Moretti, preso fra questi due fuochi non proprio amici, ha giocato il ruolo del difensore della filosofia gnassiana del “basta consumo del territorio”. Ha criticato Preger per l’idea dell’altezza degli edifici e ha tessuto le lodi del piano strategico come strumento di partecipazione del mondo economico al disegno della città.

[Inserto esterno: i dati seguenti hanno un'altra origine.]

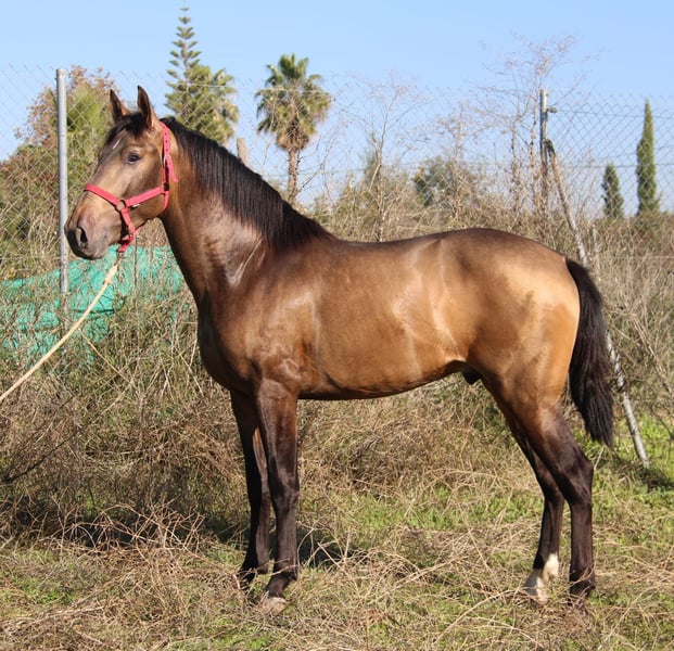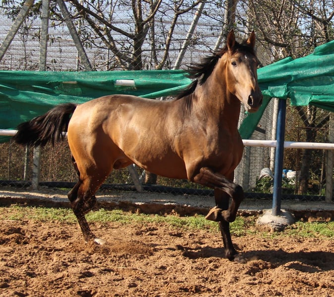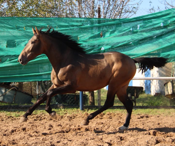Nativo, geboren 05.04.23, ist der typische PRE, barock, kurz, kraftvoll und dann noch in Sonderfarbe. Er kennt Longe und Sattel, mehr im Moment noch nicht. Nativo ist klar im Kopf, nicht hengstig, manchmal ein richtiger Clown und sehr verspielt. Er hat sich als Fohlen eine Verletzung zugezogen, die aber längst verheilt ist, die Narbe ist rein ästhetisch (siehe letztes Foto). Auf Wunsch kann Nativo zur weiteren Ausbildung bei uns im Beritt bleiben. Eine AKU kann in Auftrag gegeben werden. Der Transport wird international organisiert. Videos auf Anfrage
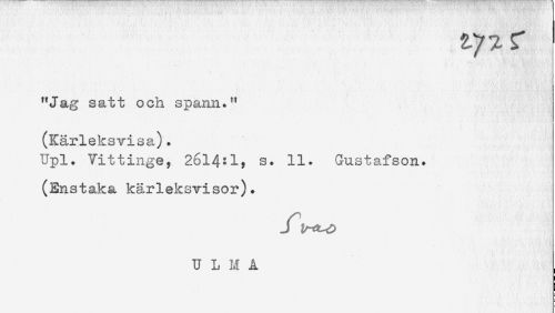 //// "Jag satt och spann." //// (Kärleksvisa). //// Upl. Vittinge, 2614:1, s. 11. Gustafson. //// (Enstaka kärleksvisor). ////
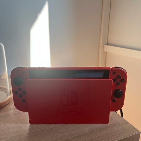 Nintendo switch selges brukt; det følger med Super Mario Bros. U Deluxe (eller såillet kan selges alene for 450kr). Tilbehør for kobling til tv samt strømkabel følger med. Kontrollertilbehør som vises i bilde.
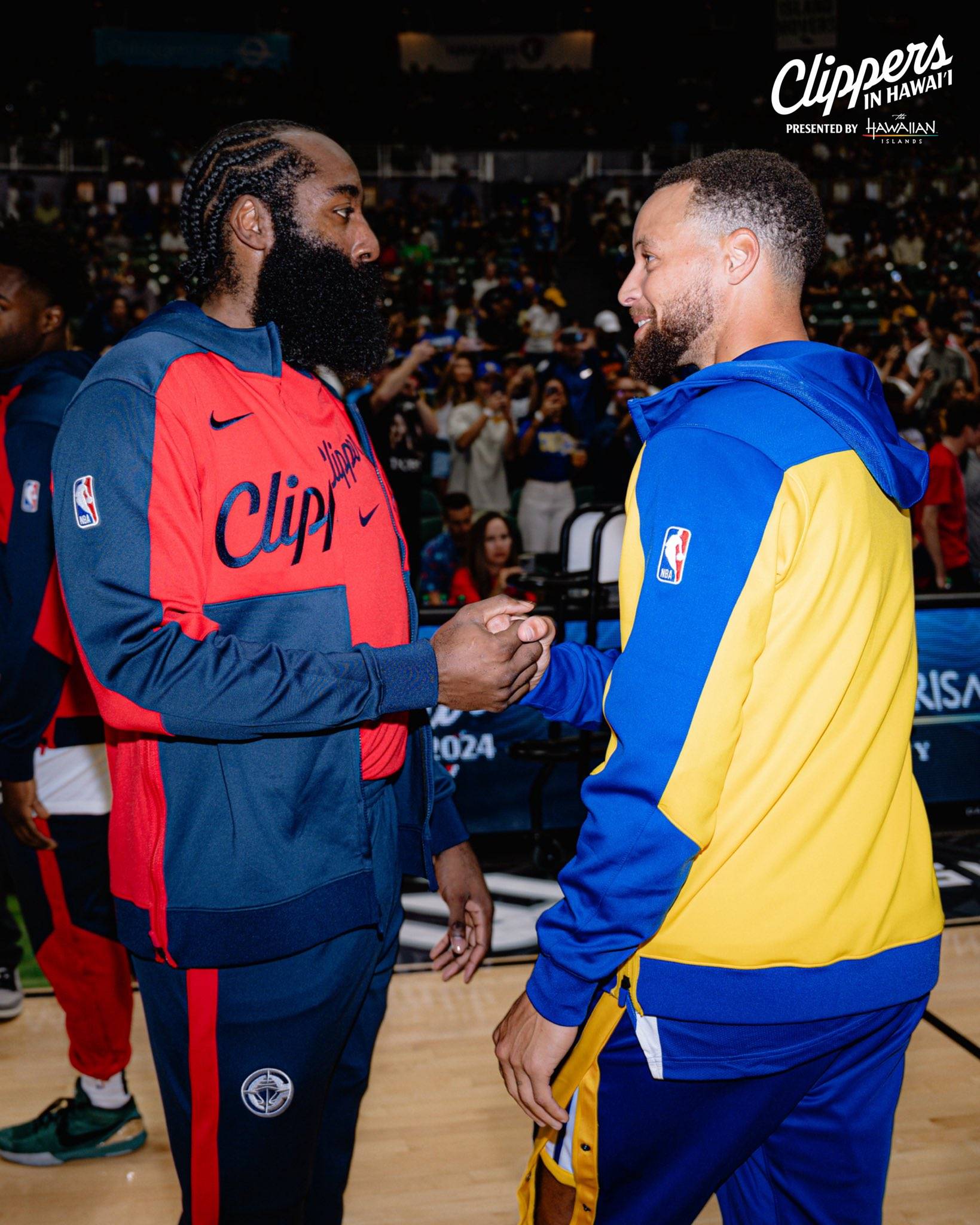 库里入场时,哈登加入球迷呐喊呼唤库里,如此一幕太有趣;哈登和库里还在赛前紧紧拥抱并且开怀热聊,09一届的两大球星都满脸笑容。
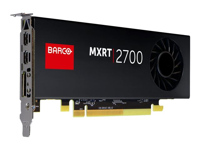 La carte graphique Barco MXRT-2700 offre les fonctionnalités de flux de travail essentielles, la qualité et le support pour garantir que les radiologues peuvent intervenir avec tout leur potentiel. Avec une large mémoire graphique pilotant les sorties DisplayPort, c'est la solution idéale pour ceux qui recherchent une carte graphique professionnelle fiable et économique qui peut s'adapter à presque n'importe quelle station de travail, y compris les petits systèmes à alimentation limitée.

Palla al centro e dibattito. Maurizio Ermeti ha chiesto la parola ed ha attaccato il pistolotto. Ha sostenuto che i meriti di quel che si sta muovendo di rilevante a Rimini sono tutti del piano strategico: le fognature, i finanziamenti dell’Unione Europea e dello stato, l’acquisizione del lungomare. A chi accusa il piano strategico di fuffa galattica lui replica che, al contrario, quello che ha deciso si realizza. Che ci sta a fare il Comune, allora? Risparmiamo almeno su assessori e consiglieri. E infatti Chicchi non si è fatto scappare l’assist: “Non mi ero accorto che a Rimini ci fossero due sindaci”. Quindi il ridimensionamento: “Tutte le cose richiamate da Ermeti il Comune le avrebbe fatte anche senza piano strategico”. Fino ad improvvisare una piccola lezione di ordinamento istituzionale degli enti locali per arrivare a sostenere la centralità del Comune, che nella sua articolazione di giunta e consiglio, maggioranza e opposizione, è luogo di rappresentanza del cittadini. Lo stesso non può dirsi del piano strategico, postilla Chicchi, che al massimo può essere considerato una forma di rappresentanza dell’associazionismo organizzato. Quindi chiude il cerchio: “Il piano strategico è un riformismo senza popolo”. Va anche oltre. “Piano strategico e Master Plan non hanno valore giuridico, non contengono una procedura di partecipazione e quindi anche di opposizione dei cittadini, sono semplici atti di indirizzo a cui il singolo cittadino non può opporsi con una procedura di legge”. Mentre gli strumenti canonici in mano alla pubblica amministrazione sono fermi: il Psc è bloccato da quattro anni, vige la salvaguardia, le osservazioni dei cittadini sono in attesa di risposta ed è ancora in vigore il Prg Benevolo del 1999. E questo “determina un quadro di incertezza per cittadini e imprese”. C’è anche posto per un’ultima domanda a Ermeti: quanto costa il piano strategico alla comunità riminese? Risposta: “Duecentoquarantamila euro divisi equamente fra Comune, Camera di Commercio e Fondazione Cassa di Risparmio ma grazie a noi Rimini ha incamerato un sacco di soldi”. L’importante è crederci. (c.m.)